Brian and I went looking at a town home for him this week. He is super excited about moving out and he is now in the part of his program where he will need to get leases signed and start thinking about life off the ranch. This is a magical time for him, and I am pretty happy to share it with him. He also has a girlfriend.
Lane and Curtis are just about finished with their first semester in college. I saved a text message from Lane that he sent to me on the first day of school, 1-19-2010 at 6:32am, it reads, “Life has started over,” and this is a sentiment that I hope he maintains. If he strays, I have this text message to send back to him to remind him. I was able to help him get an internship and possibly a job at a station where I used to work, so I’m confident that he’s been able to make the most of this life changing year.
All of us are about to celebrate a year here at the ranch. WOW! What a different life I was leading last year at this time.
I am working and loving my job. I am working on some TV projects here as well, they keep me fresh so that when I am completed, I will be able to jump right back in. I am also extremely healthy and I love that.
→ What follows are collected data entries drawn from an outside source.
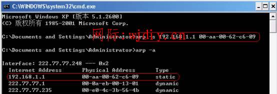-s 為主機創建一個靜態的ARP對應條目,如::arp -s 目的主機IP地址 目的主機MAC地址。如圖,從圖中可以看出靜態綁定了192.168.1.1以后,在arp表中可以看到對應的type(類型)變為static(靜態)了。
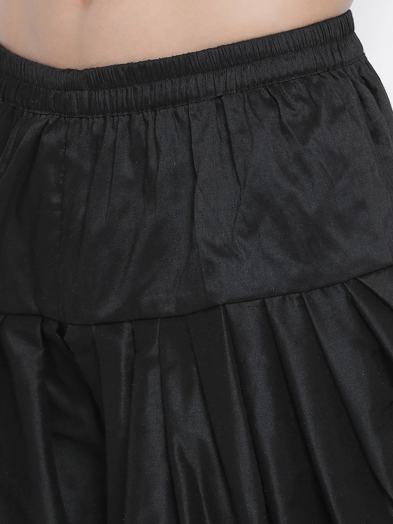 Black solid dhoti pant has an elasticated waistband and drawstring closure
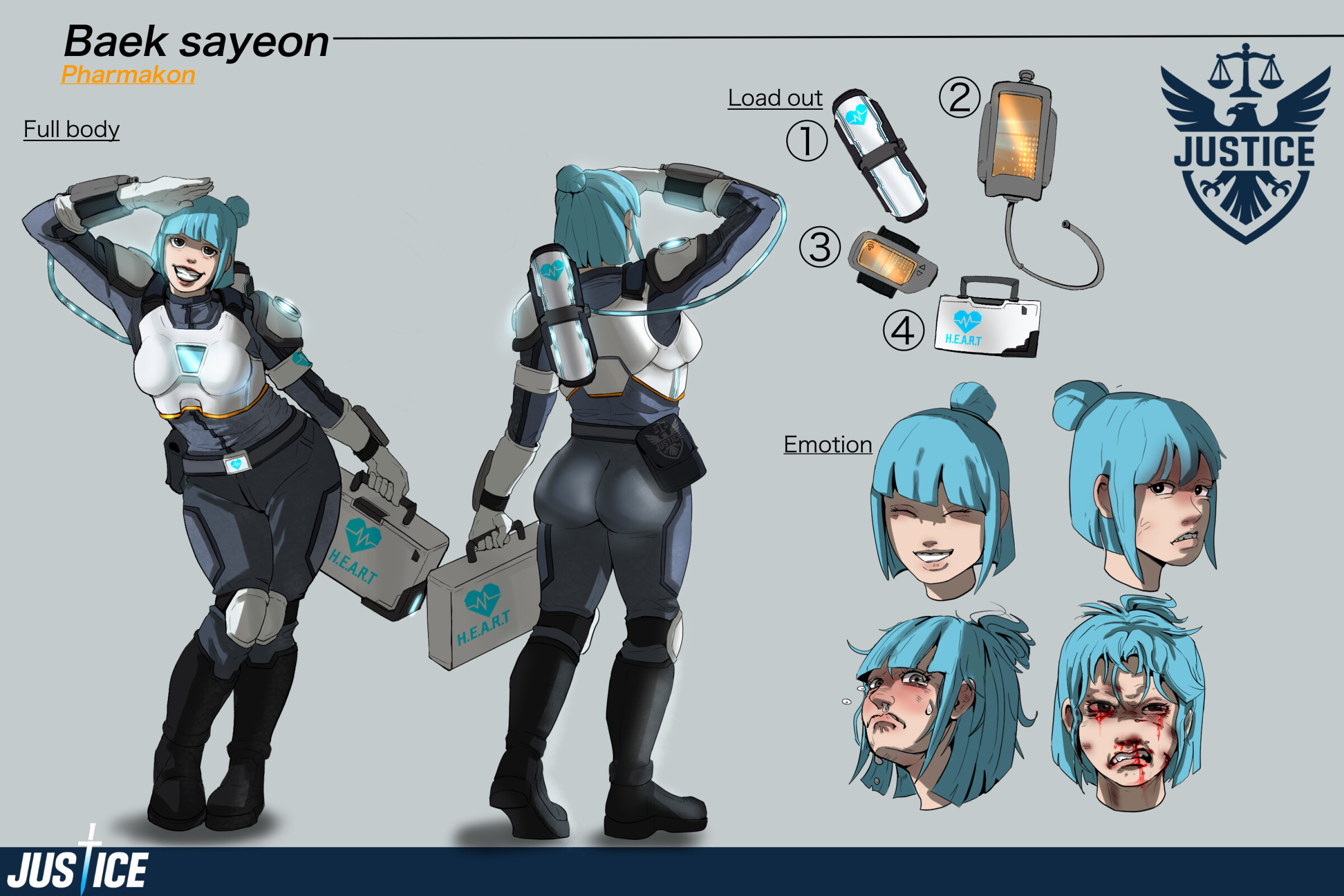 이번에 여캐(히로인) 시트입니다 도구컨셉입니다 여러분들의 평가를 듣고싶습니다 눈썹은 원래 없습니다 픽시브 있습니다 팀에겐 약을 적에겐 독을 주는 컨셉이라 1번 도구보면 알약모양의 가스통에서 가스로 치유하거나 싹다 죽입니다 전문의료인이라 존나 뛰댕겼을테니 여성적 체형에 실전 근육을 더했습니다 기존에 올린 캐릭터들과 같은 소속이기에 통일감을 주기위해 베이스(네이비색 요원복)에 메딕 요소(의료키트 하얀 장갑 화이트 슈트)를 더했습니다
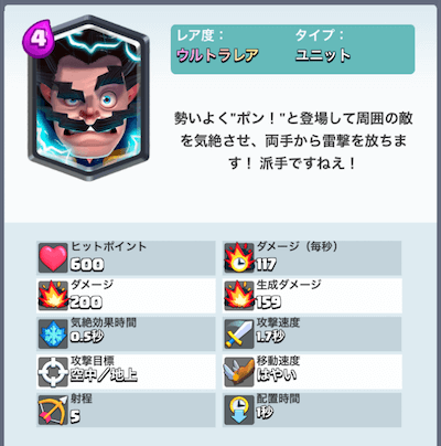 エレクトロウィザードの基本ステータス情報です。
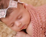 This listing is for a pair of soft pink baby headband that wraps with a ribbon. Perfect for photography, summer days with beautiful dresses and everyday use.
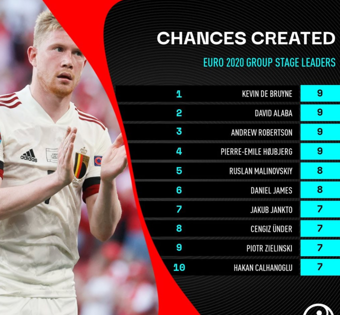 Больше Малиновского моментов создали четыре игрока – бельгиец Кевин де Брейне, австриец Давид Алаба, шотландец Эндрю Робертсон и датчанин Пьер-Эмиль Хейбьерг.
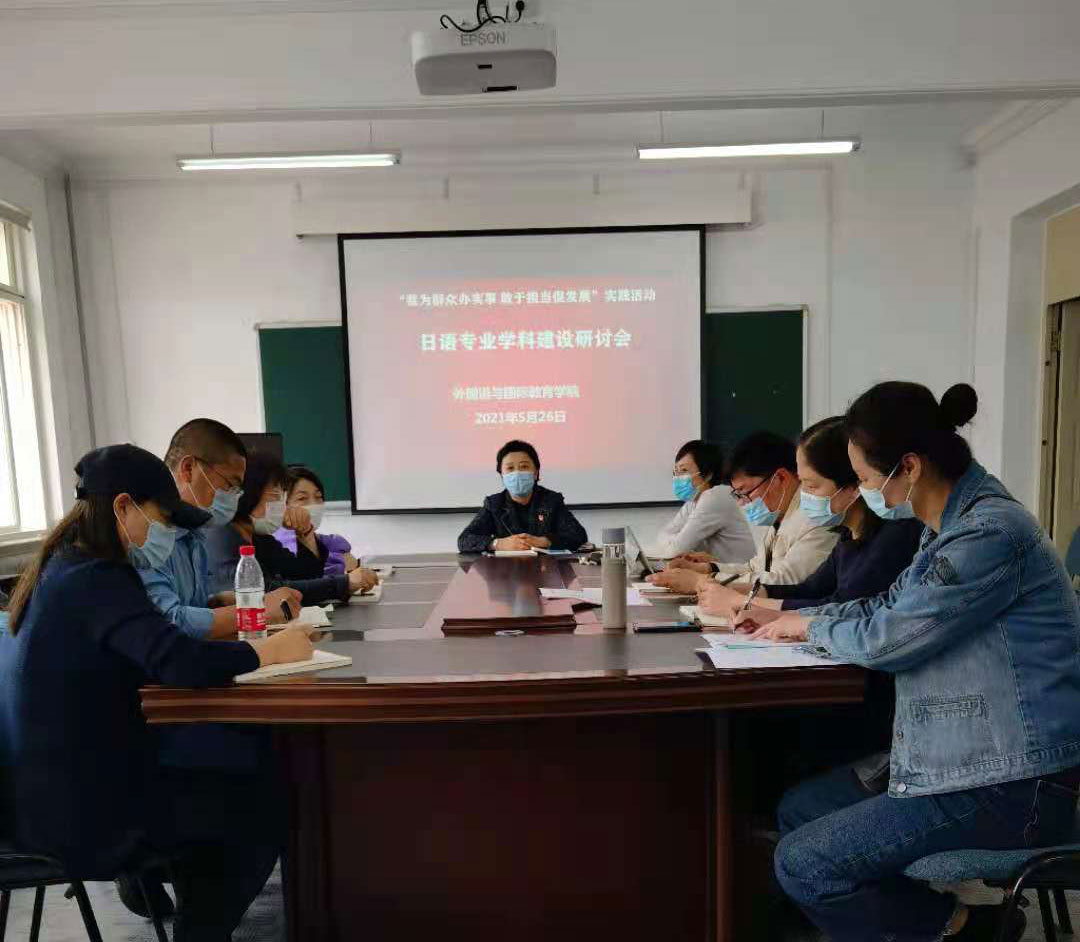 在学院206会议室召开了“我为师生办实事 敢于担当促发展”实践活动日语专业学科建设座谈会。会议由院长郭艳玲主持,日语教研室全体教师参加。

The school speaking circuit has been going great and I am given letters and notes from teachers and classes all the time explaining in detail what the impact I have had on them by telling my story.
This blog is also keeping me healthy and sane, and I cant begin to thank everyone who writes to me to offer encouragement. Its great.
But I am beginning to think about my life off the ranch. The things that I will be doing, the people I will know and surround myself with. I will try to stay as connected to the ranch as I can.
The goats are beginning to have their babies, the pigs are as well. This is that cool part of the year that entered the ranch last year. Springtime is awesome on a farm. I love the thunder storms, I even love the mud.
There is a bible verse that I like, its Joel 2:25. I have mentioned this before it says, “I shall return to you the years the locust have stolen,” and I like it because it’s sort of a cosmic second chance. Redemption comes in all sorts of places. I will be seeing my nephews in a karate tournament at the same school I nearly missed my sister’s graduation because I was hung over and throwing up in the bathroom. And here’s a funny story…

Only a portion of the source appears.